Cortex-X4 and Intel Skymont have exactly the same size, 1.7 square millimeter with 1 MB L2 cache memory (in Dimensity 9400 and Lunar Lake). This is about a third of the area of a big core like an Intel P-core and less than a half of the area of a Zen 5 compact core (but AMD uses an older less dense CMOS process; had AMD also used a "3 nm" process the area ratio would not have been so great, and Zen 5 has a double throughput for array operations).

Moreover, Neoverse V3/Cortex-X4 and Intel Skymont/Darkmont have approximately the same number of execution units of each kind in their backends. Only their frontends are very different, which is caused by the different ISAs that must be decoded, Aarch64 vs. x86-64.

The last Arm big core before rebranding, Cortex-X925, was totally unsuitable as a server core, as it had very poor performance per area, having a double area in comparison with Cortex-X4, but a performance greater by only a few tens percent at most. Therefore the performance per socket of a server CPU would have been much lower than that of a Graviton5, had it been implemented with Cortex-X925, due to the much lower number of cores per socket that could have been achieved.

Cortex-X4 was launched in 2023 and it was the big core of the 2024 flagship smartphones, then it has become the medium core of the 2025 flagship smartphones. Its server variant, Neoverse V3, has been launched in 2024 and it has been deployed in products only this year, first by NVIDIA (in Orin) and now by AWS.

It is not at all an obsolete core. As I have said, Intel will have only next year a server CPU with E-cores as good as Cortex-X4. We do not know yet any real numbers about the newly announced Arm cores that have replaced Cortex-A520, Cortex-A725, Cortex-X4 and Cortex-X925, so we do not know if they are really significantly better.
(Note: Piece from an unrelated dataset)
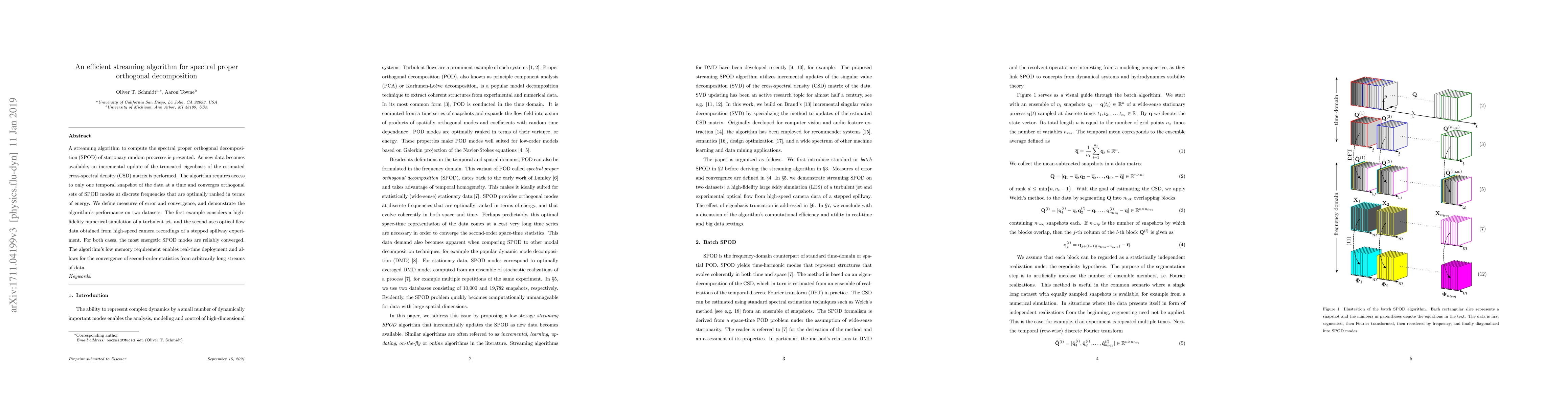 This paper introduces a streaming algorithm for efficiently computing the spectral proper orthogonal decomposition (SPOD) of stationary random processes, enabling incremental updates with low memory. The algorithm converges to orthogonal SPOD modes ranked by energy, demonstrated effectively on turbulent jet simulations and optical flow data.
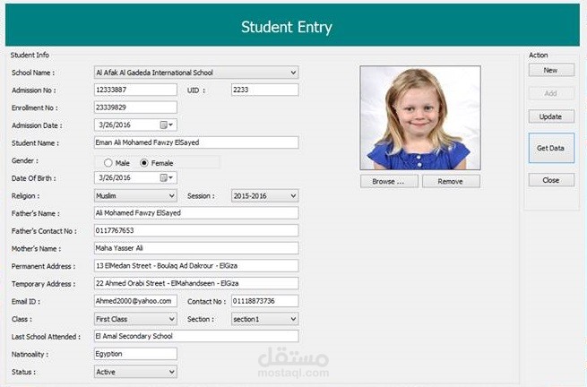 تعتبر من أهم الواجهات في البرنامج المسئولة عن تسجيل الطالب سواء الإسم، إسم المدرسة، رقم التسجيل، والنوع، تاريخ الميلاد، إسم الأب، موبايل الأب، إسم الأم،إسم المدرسة السابقة إن وجد ، والعنوان الرئيسي، وعنوان أخر، والتواصل سواء بالموبايل أو البريد الإلكتروني وإسم الفصل، مع إمكانية إضافة صورة للطالب.

The numbers used by Arm in presentations cannot be verified independently and usually when the performance is measured much later in actual products it does not match the optimistic predictions.

The new generation of cores might be measurably better only for computational applications, because they now include matrix execution units, but their first implementation may be not optimal yet, as it happened in the past with the first implementation of SVE, when the new cores had worse energy efficiency than the previous generation (which was corrected by improved implementations later).